When we are baptized as babies, our godparents make promises for us. When we receive the sacrament of Confirmation, we renew those promises to renounce Satan, Satan’s works and Satan’s empty promises. We make those same promises during Holy Week Masses, and undoubtedly even in our own personal prayer time. We sometimes break those promises and have to seek forgiveness and make atonement. Did you ever notice, though, that when we make promises out loud, we can hear and feel anew our dedication

and zeal?

I got thinking about promises, pledges, and oaths, and the like. Brides and grooms promise to love, honor, and be faithful to each other. Doctors and nurses easily come to my mind in this time of pandemic. We have heard of the Hippocratic Oath for doctors, the Florence Nightingale Pledge for nurses, and similar promises medical personnel take to heart.
The saint whom we celebrate today, St. Camillus of Lellis of what is now Abruzzo, Italy, whether he had formally recited an oath, pledge, or promise, certainly followed a dedicated way of ministry, especially to the sick during the second half of his life. He did not find his true way until he was in his early thirties and was ordained to the priesthood in 1584. His early years had been punctuated with bad choices and self-defeating habits—notably gambling.
Camillus eventually founded an order whose ministry was devoted to plague-stricken and poor patients. Despite his own chronic foot infirmity—the result of a war injury—he was a guide and inspiration to others as he sacrificed his own comfort to be of assistance. He assumed the helm in hospitals. He also worked to send medical aid to wounded troops who had promised their service to their countries.
We can learn much from St. Camillus and from others who strive to fulfill promises they have made to God, to themselves, or to others. With so many distractions and temptations in our world today, commitment to any worthwhile cause requires focused strength. That strength is nurtured with prayer and humility. We have to be so careful to avoid those empty promises of Satan, those subtle, misinformed, persistent, little lies that try to sneak their way into our thinking.
We know that we serve a faithful God who helps us keep our living and loving promises.

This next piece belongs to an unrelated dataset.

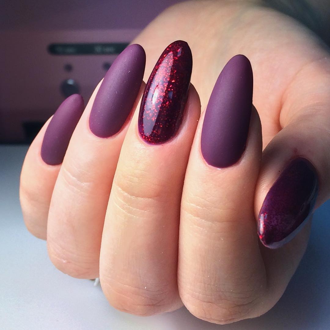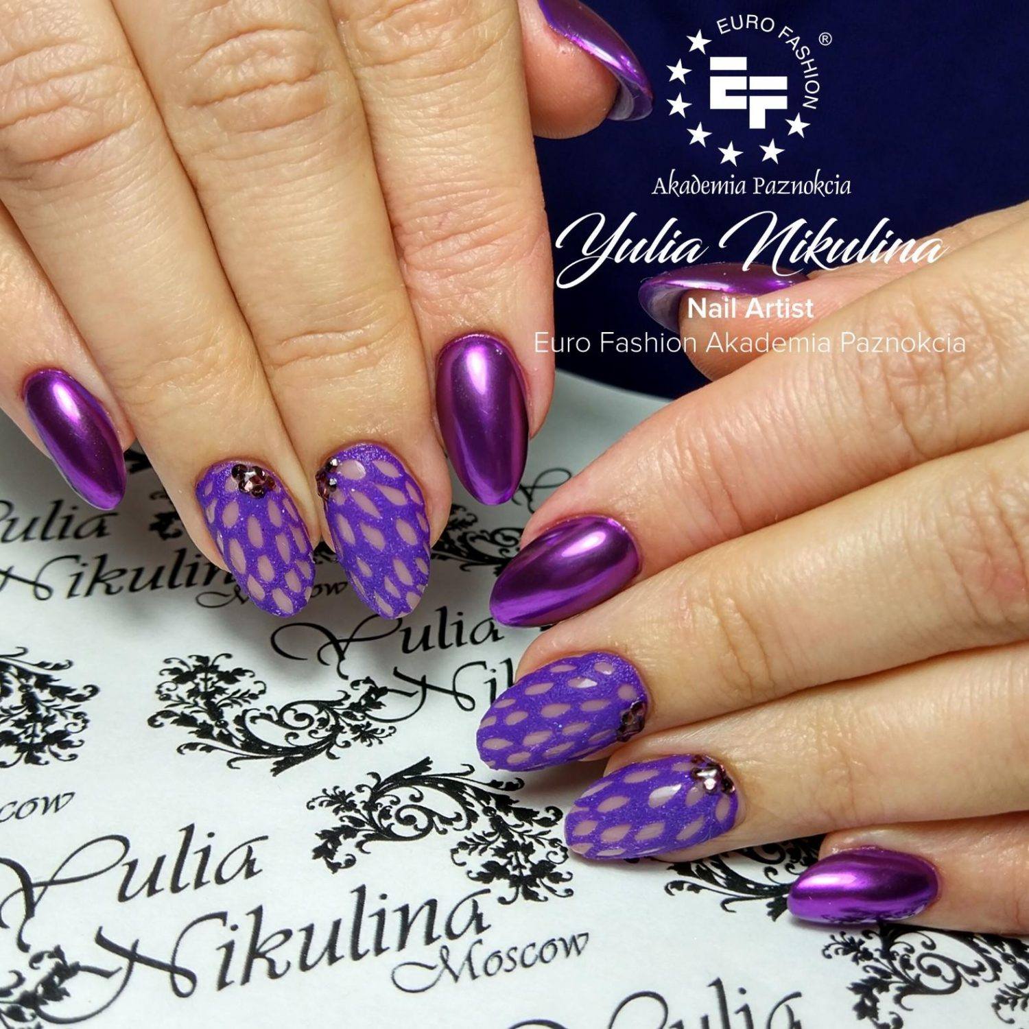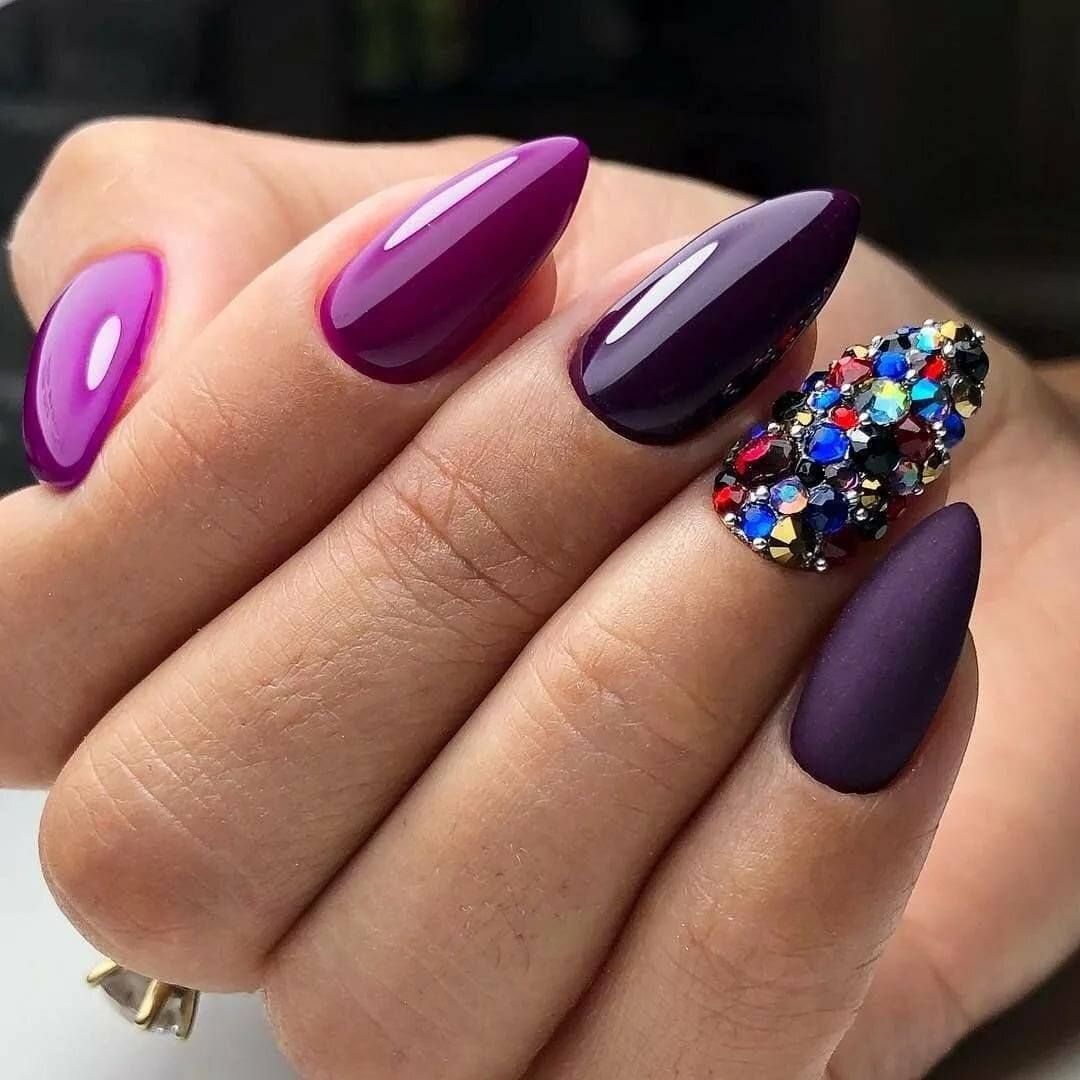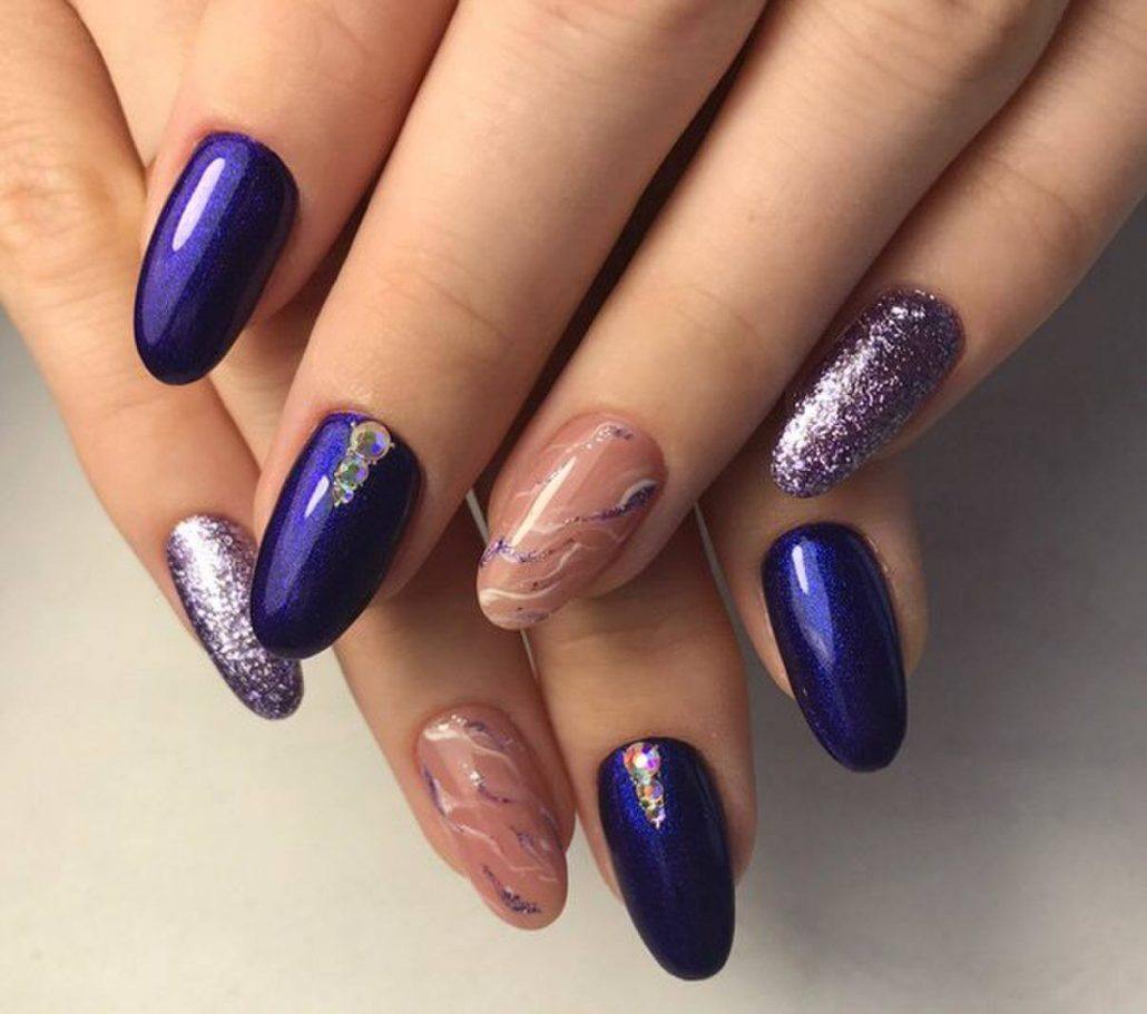 Фиолетовый. Этот цвет считается более уместным для нарощенных ногтей, нежели синий. Оригинально выглядят сливовый, сиреневый, пурпурный и оттенок индиго.

Because the Lord your God is a merciful God, he will neither abandon you
nor destroy you; he will not forget the covenant with your ancestors that
he swore to them. (Deut 4:31)

And we have the assurance of the presence of Jesus at all times. He gave his word to his apostles at his ascension:

“And remember, I am with you always, to the end of the age.” (Matt 28:20b)

Sharon Krause is a RENEW volunteer whose writing has appeared in several resources for small-group faith sharing. She is a wife, mother, and grandmother residing in Manchester, Connecticut. Over the years, she has served in many parish ministries.
Scripture passages are from the New Revised Standard Version Bible: Catholic Edition, copyright © 1989, 1993 the Division of Christian Education of the National Council of the Churches of Christ in the United States of America. Used by permission. All rights reserved.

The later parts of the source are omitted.